The Murder of Hong Pyo Lee
Hong Pyo Lee was driving through the Compton area in the early morning hours of March 8, 1988. Despite past struggles, things were looking up for the 21 year old. He was working 50 to 60 hours a week at his family’s liquor store in Anaheim and had just signed up for auto mechanic classes at an LA-area trade school. Sadly, his life was cut short.
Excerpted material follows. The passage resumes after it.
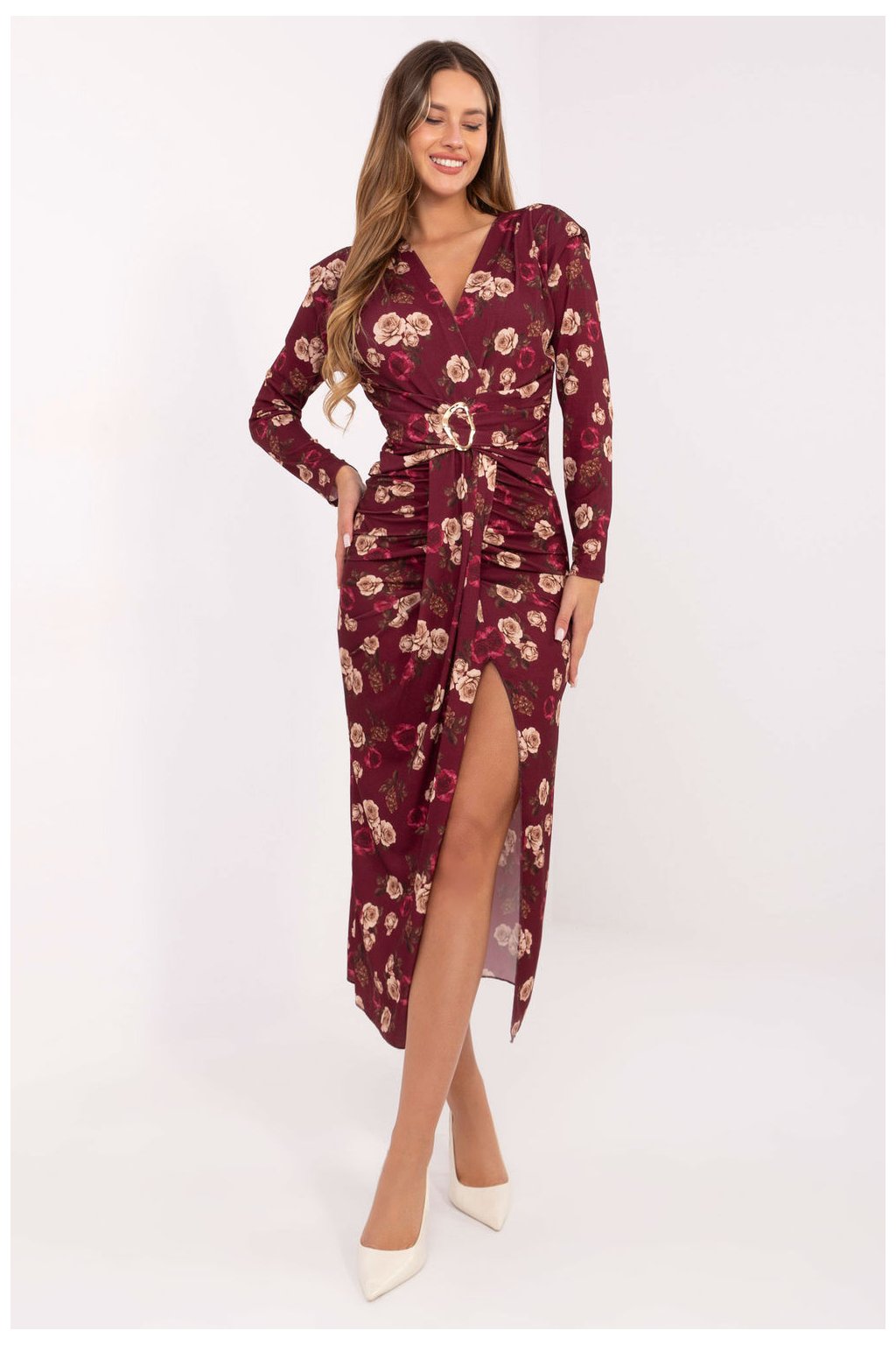 Elegantní úzké šaty jsou ideální volbou na speciální příležitosti. Vyrobené z příjemné směsi viskózy a polyesteru se krásně přizpůsobují postavě, zdůrazňují ženské tvary. Model má midi délku a dlouhý rukáv, co mu dodává eleganci. Na přední straně je efektní rozpark sahající až k hýždím, který jemně zdůrazňuje nohu a dodává celku smyslný charakter. Přesýpací výstřih opticky zjemňuje krk a zdůrazňuje dekolt, ozdobné záhyby s kovovým prvkem jsou elegantním akcentem, který přitahuje pozornost. Šaty s květinovým vzorem se skvěle hodí na večírky, recepce a formální události, spojují ženskost, eleganci a pohodlí v jednom.
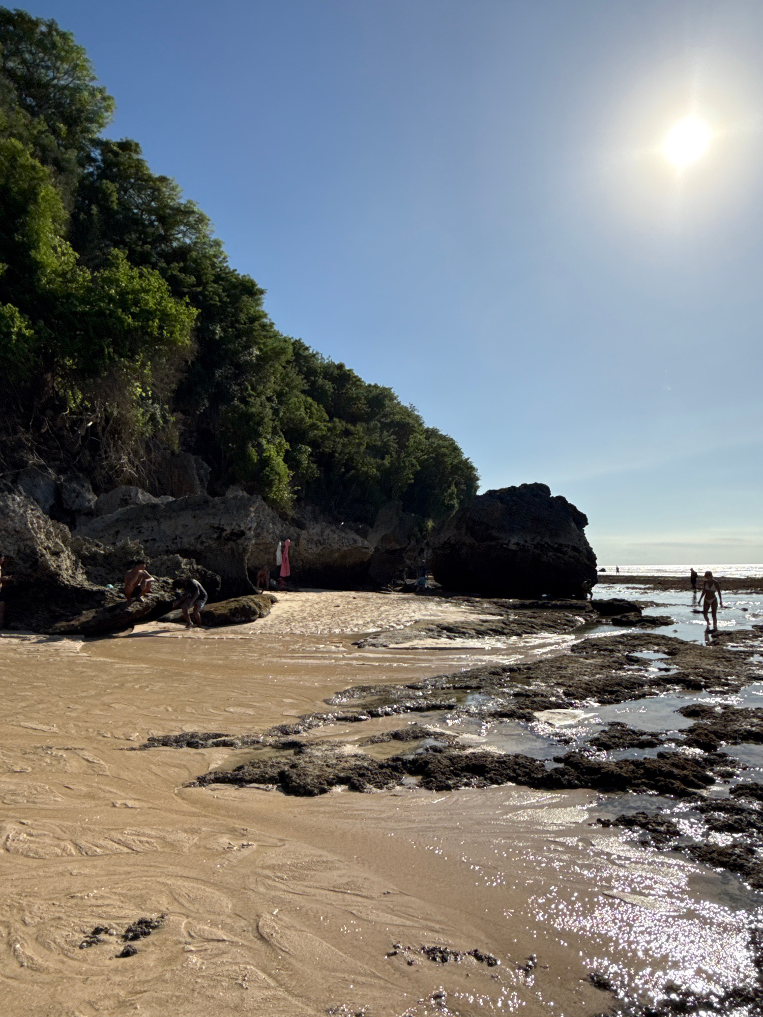 The image shows a coastline at Kuta Selatan, Indonesia. The scene is sunlit under a clear blue sky. In the foreground, a beach is visible with exposed rocks and tide pools. Several people are walking…read more

LASD deputies claimed they witnessed Lee run a stop sign and pulled behind him, asking him to stop. They said Lee accelerated and led them on a chase across freeways and surface streets towards Long Beach, with two local police officers joining in; Lee’s speeds never exceeded 45 mph. He came to a stop at a railway siding across from a factory – the area only had one way in and out. Sheriff’s Sergeant Paul Tanaka, who went on to serve as second in command of the department and be convicted for crimes committed while in that position— along with Deputies Robert Papini, Daniel McLeod, and Brian Lee stopped about 15 feet behind Lee and drew their guns. Deputy John Chapman approached Lee’s car and ordered him to surrender.
Investigators say that, out of nowhere, all of the deputies opened fire. They shot Lee nine times in the back, killing him. Long Beach police officer Richard R. Boatwright turned to his partner and said, “We just observed the sheriff’s execute somebody.”
The 12-page report from then-District Attorney Ira Reiner acknowledged several inconsistencies between the accounts shared by the officers on scene that night. The deputies told investigators that Lee started to back his car up when they shot at him, but they could not agree on how fast he was moving. The two Long Beach officers said Lee never reversed his vehicle. Reiner’s report noted Lee’s car was found crashed into a fence 120 feet away from where the shooting occurred. His family also noted bruising on his face. Still, Reiner ultimately found that the sheriff’s deputies acted in self-defense when they fired. No charges were filed, and the department never publicly indicated that any of the deputies were disciplined.
Lee’s family filed a federal lawsuit shortly after his death alleging that his civil rights were violated. They retained attorney George V. Denny III, who again turned to David Lynn to investigate the shooting. Although they didn’t know it yet, the pair had stumbled upon another sheriff deputy gang: The Lynwood Vikings.